A Small Web Scraping Project in R
Get S&P 500 tickers on a user-specified date
Motivation
The first step to developing a trading strategy is finding some historical data. Before you can do that, you have to decide on a “pool” of funds to include.
For example, Vanguard offers commission-free trades on their ETF’s, so you might consider developing a strategy based just on that pool of ~75 ETF’s. I did that once; it was an anti-momentum strategy, and no, it didn’t work.
Another idea is to use the 500 individual companies in the S&P 500. I think 500 is a reasonable number, and there are pros to working with big, mostly recognizable companies. It seems like there must be profitable strategies to discover in historical S&P data. Buy the newcomers, buy the hottest stock in each sector, pair-trade the newest stock to outperform the oldest, etc.
It’s easy to get a list of S&P 500 tickers as of today. There’s a Wikipedia page, which you could scrape, although it would probably be easier to just copy-paste into Excel and then load into R (or Python, etc.).

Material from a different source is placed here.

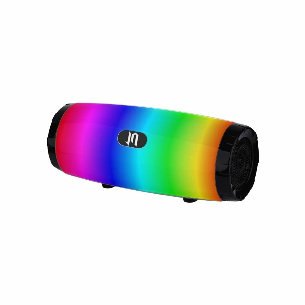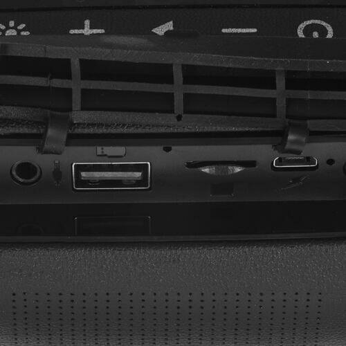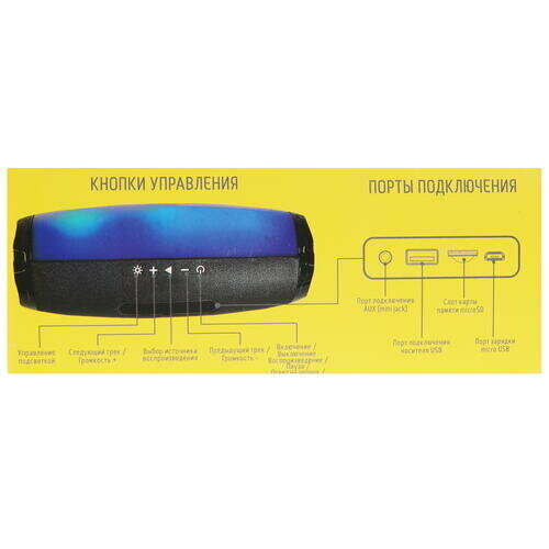 Bluetooth 5.0 При помощи Bluetooth соединения вы можете подключить колонку к любому мобильному устройству (телефону, планшету, ПК или ноутбуку), оснащенному bluetooth-модулем. Версия Bluetooth 5.0 обеспечивает низкое энергопотребление, уверенный прием сигнала в радиусе до 10 м и ускоренную передачу данных, а также минимизирует возможные помехи от соседних bluetooth-устройств. LED-подсветка Подсветка работает в 8 различных режимах однотонного и разноцветного свечения. В одном из режимов подсветка будет переливаться в такт играющей музыке. Подсветку можно полностью отключить. Поддержка режима TWS Режим TWS (True Wireless System) позволяет объединить две колонки в одну полноценную 2.0-стереосистему. Одна колонка становится правой, а вторая — левой, то есть на каждой колонке воспроизводится только свой канал, что создает дополнительный объем звучания. AUX Подключить колонку к мобильному телефону, планшету, плееру можно посредством кабеля AUX (mini jack (male)/ mini jack (male)). FM-радио Для надежного приема радиосигнала необходимо подключить кабель AUX, в этом режиме он выполнит функцию антенны. USB и Micro SD Для воспроизведения любимых аудиозаписей можно просто подключить к колонке USB-флешку или карту памяти microSD. Носители должны быть отформатированы в файловой системе FAT32 и иметь объем не более 32 Гб. Время работы Емкость аккумулятора колонки составляет 1200 mAh. При уровне громкости ~50% и включенной подсветке полного заряда аккумулятора хватит примерно на 5,5 часов прослушивания музыки. Если подсветка выключена - на срок до 7,5 часов. Низкая температура окружающей среды и высокая громкость могут способствовать сокращению времени работы. Защита от брызг IPX4 Случайное кратковременное попадание брызг воды не сможет повредить колонку, но необходимо беречь колонку от дождя или падения в воду.

Problem is, anytime you start with a current list of stocks, you open the door to survivorship bias. None of the companies currently in the S&P have suffered catastrophic losses over the past few years, otherwise they wouldn’t be still be in the S&P.
What we really need is a list of S&P tickers at the start of the historical period we want to use to develop our strategy. This is doable thanks to Wikipedia’s Revision history, and for a one-time thing we could just navigate to the right date and copy-paste the table. But it’d be nice to have a function to do it automatically, and at least some other folks seem to be interested.
Pseudocode
Basically, the project involves two parts: (1) given a user-specified date, find the right URL; and (2) given such a URL, scrape the Wikipedia table.
The function should work something like this:
get_sp500_tickers = function(date = Today) {1. Use lookup table to find URL of closest revision on/before 'date'
2. Scrape table from that URL
3. Do basic formatting/cleaning, if necessary
4. Return list of ~500 ticker symbols}
Development
Given URL, get tickers
I started by trying to figure out how to scrape the current Wikipedia page. After some Googling, I found a tidyverse tool: Hadley Wickham’s rvest package.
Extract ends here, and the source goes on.